Mientras seguía avanzando por el túnel del LHC en dirección al laboratorio, Vittoria se dio cuenta de que estaba a punto de revelar el mayor logro de su padre sin que él estuviera presente. Siempre había creído que ese momento sería completamente distinto; que su padre llevaría a los mejores científicos del CERN a su laboratorio y les mostraría su descubrimiento mientras observaba sus rostros de asombro. Luego, henchido de paternal orgullo, les explicaría que había sido una de las ideas de Vittoria la que lo había ayudado a hacer realidad ese proyecto, que su hija había sido una parte integral en su hallazgo. La joven sintió un nudo en la garganta. «Mi padre y yo deberíamos haber compartido este momento.» Ahora, sin embargo, estaba sola. Sin colegas ni rostros de felicidad.
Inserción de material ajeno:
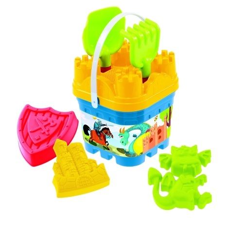 Písková sada Hrad IML. Sada obsahuje kyblík, hrabičky,lopatku, sítko, tři tématické bábovky. Vyrobeno v EU z kvalitního plastu.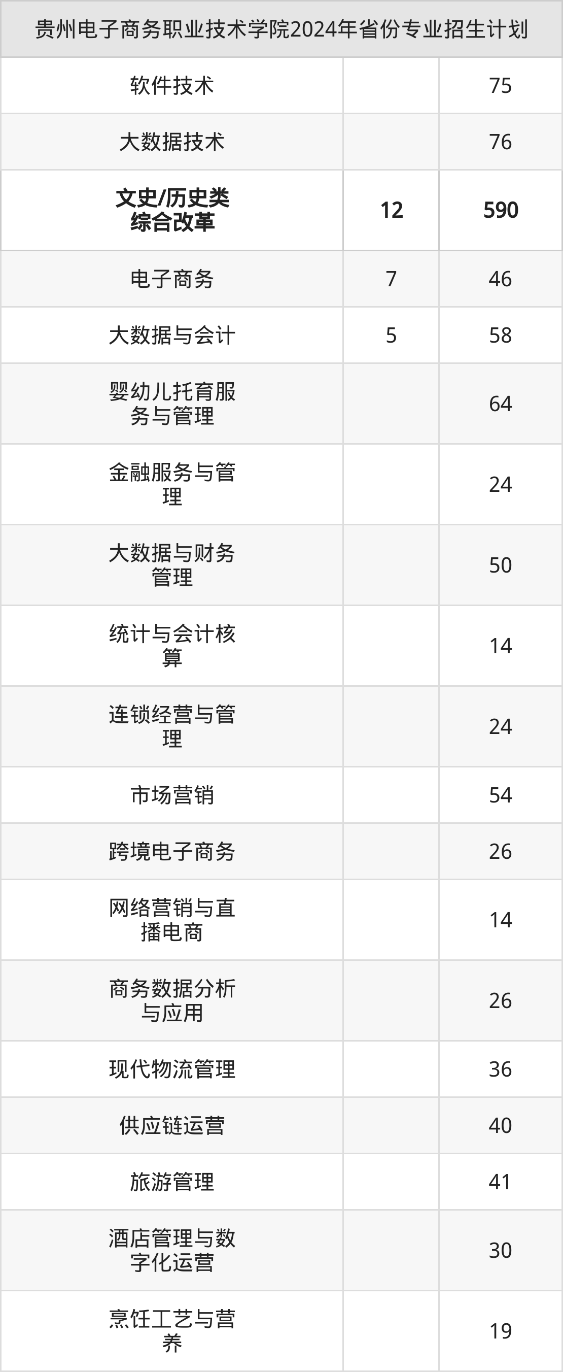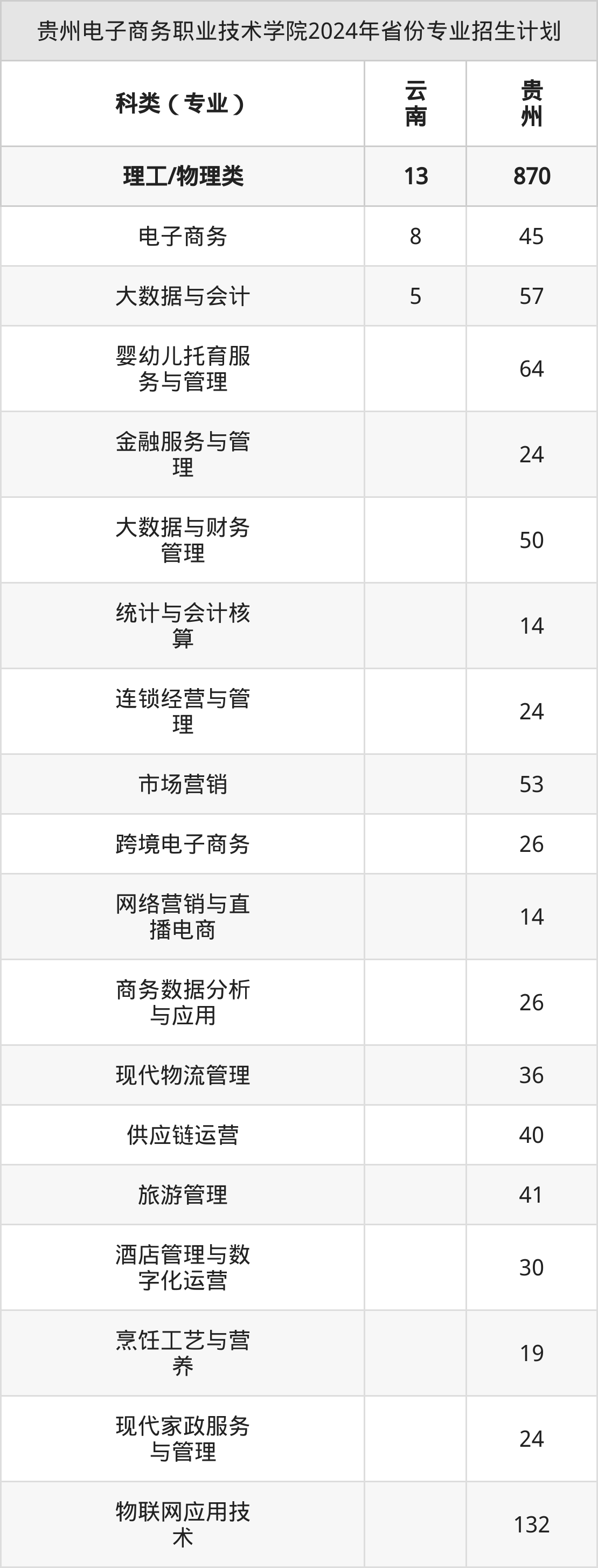2025年贵州电子商务职业技术学院专科招生计划待公布,下面附上2024年数据,暂供参考:

Sólo un estadounidense desconocido y Maximilian Kohler.

«Maximilian Kohler. Der König

Ya de pequeña a Vittoria le desagradaba ese hombre. Aunque finalmente llegó a respetar su increíble intelecto, el gélido comportamiento del que hacía gala siempre le había parecido inhumano, la antítesis exacta de la calidez de su padre. A Kohler le interesaba la ciencia por su lógica inmaculada; a su padre, por su maravillosa espiritualidad. Y, sin embargo, siempre había parecido existir un tácito respeto entre ambos. «Los genios —le explicó alguien una vez— aceptan incondicionalmente a los demás genios.»

«Genio —pensó ella—. Mi padre... Papá. Muerto.»
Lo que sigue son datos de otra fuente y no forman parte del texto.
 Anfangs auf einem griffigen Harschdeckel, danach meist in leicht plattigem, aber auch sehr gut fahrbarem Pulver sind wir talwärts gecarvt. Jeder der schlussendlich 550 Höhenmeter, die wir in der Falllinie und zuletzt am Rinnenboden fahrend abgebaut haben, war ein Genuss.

La entrada al laboratorio de Leonardo Vetra era un largo y aséptico pasillo completamente recubierto de baldosas blancas. Langdon tuvo la sensación de que entraba en una especie de manicomio subterráneo. En las paredes había docenas de imágenes en blanco y negro enmarcadas. Aunque se había dedicado toda su vida al estudio de imágenes, éstas le resultaban absolutamente incomprensibles. Parecían caóticos negativos de rayas y espirales aleatorias. «¿Arte moderno? —pensó—. ¿Jackson Pollock bajo los efectos de las anfetaminas?»

—Son diagramas de dispersión —explicó Vittoria al advertir su interés—. Representaciones infográficas de colisiones de partículas. Ésa es la partícula Z —dijo señalando un tenue rastro casi invisible en medio de la confusión—. Mi padre la descubrió hace cinco años. Energía pura, sin masa. Podría muy bien ser la pieza más pequeña de la naturaleza. La materia no es más que energía atrapada.